Data provided START

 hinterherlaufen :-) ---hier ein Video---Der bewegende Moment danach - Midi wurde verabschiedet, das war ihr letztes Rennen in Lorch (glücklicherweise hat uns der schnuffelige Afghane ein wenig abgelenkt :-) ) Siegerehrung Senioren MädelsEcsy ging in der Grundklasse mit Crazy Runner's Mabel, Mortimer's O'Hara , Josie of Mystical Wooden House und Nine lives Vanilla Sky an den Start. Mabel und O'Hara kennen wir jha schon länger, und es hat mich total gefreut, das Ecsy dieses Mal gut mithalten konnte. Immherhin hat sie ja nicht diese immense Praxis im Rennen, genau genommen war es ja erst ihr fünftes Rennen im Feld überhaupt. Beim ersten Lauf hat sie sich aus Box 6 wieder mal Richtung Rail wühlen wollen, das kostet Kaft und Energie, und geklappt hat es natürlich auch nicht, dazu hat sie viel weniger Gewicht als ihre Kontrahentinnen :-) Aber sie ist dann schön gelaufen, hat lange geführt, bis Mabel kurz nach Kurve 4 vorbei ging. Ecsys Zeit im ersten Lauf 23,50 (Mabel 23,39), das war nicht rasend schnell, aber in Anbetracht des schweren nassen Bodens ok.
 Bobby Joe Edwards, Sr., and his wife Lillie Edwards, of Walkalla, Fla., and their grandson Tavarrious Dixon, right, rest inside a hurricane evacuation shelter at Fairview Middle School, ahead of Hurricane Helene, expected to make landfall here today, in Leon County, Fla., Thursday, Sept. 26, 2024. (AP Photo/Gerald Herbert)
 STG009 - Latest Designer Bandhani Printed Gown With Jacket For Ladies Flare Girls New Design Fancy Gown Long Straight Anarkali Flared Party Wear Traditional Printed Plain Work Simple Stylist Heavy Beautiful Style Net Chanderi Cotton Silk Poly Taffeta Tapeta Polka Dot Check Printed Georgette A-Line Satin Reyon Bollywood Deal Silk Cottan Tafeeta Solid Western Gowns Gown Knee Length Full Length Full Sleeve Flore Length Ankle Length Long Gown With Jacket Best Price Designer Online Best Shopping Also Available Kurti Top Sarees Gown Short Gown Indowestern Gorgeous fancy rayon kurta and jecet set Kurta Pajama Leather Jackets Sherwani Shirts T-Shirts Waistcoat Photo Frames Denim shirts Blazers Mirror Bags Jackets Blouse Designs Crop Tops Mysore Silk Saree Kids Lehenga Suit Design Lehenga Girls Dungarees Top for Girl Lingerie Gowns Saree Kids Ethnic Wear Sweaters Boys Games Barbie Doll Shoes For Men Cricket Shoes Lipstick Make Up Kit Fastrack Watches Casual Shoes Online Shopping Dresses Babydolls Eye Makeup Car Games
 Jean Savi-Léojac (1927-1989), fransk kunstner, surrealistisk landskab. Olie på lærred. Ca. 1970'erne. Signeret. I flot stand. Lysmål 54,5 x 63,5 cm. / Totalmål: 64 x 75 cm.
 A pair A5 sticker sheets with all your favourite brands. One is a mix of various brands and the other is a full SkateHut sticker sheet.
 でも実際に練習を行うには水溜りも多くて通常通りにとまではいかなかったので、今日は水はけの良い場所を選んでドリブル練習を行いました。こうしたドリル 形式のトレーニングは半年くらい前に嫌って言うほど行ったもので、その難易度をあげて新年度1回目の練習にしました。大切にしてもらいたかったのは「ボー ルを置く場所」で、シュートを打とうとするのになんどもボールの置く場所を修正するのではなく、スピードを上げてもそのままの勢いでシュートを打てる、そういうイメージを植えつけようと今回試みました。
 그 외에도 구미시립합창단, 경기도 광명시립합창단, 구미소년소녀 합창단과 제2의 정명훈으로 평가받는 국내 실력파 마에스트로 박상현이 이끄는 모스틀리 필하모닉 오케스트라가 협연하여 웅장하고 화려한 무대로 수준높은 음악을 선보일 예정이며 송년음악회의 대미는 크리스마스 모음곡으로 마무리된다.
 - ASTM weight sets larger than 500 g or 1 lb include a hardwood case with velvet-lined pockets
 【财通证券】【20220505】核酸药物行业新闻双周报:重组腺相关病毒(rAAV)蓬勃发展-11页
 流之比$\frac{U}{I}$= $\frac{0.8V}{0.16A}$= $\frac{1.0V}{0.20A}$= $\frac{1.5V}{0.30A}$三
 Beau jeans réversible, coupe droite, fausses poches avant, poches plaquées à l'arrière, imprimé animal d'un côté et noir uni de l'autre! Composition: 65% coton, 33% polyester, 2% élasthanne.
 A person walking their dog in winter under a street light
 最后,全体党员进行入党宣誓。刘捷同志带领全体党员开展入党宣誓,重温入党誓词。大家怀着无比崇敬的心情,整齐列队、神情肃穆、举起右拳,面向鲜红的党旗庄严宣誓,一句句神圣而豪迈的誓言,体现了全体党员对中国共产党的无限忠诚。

Data provided END

*Task*. What you return should consist solely of the lines from the one containing "A person walking" through the end of the entries above, reproduced exactly.

*Solution to the problem*.
 A person walking their dog in winter under a street light
 最后,全体党员进行入党宣誓。刘捷同志带领全体党员开展入党宣誓,重温入党誓词。大家怀着无比崇敬的心情,整齐列队、神情肃穆、举起右拳,面向鲜红的党旗庄严宣誓,一句句神圣而豪迈的誓言,体现了全体党员对中国共产党的无限忠诚。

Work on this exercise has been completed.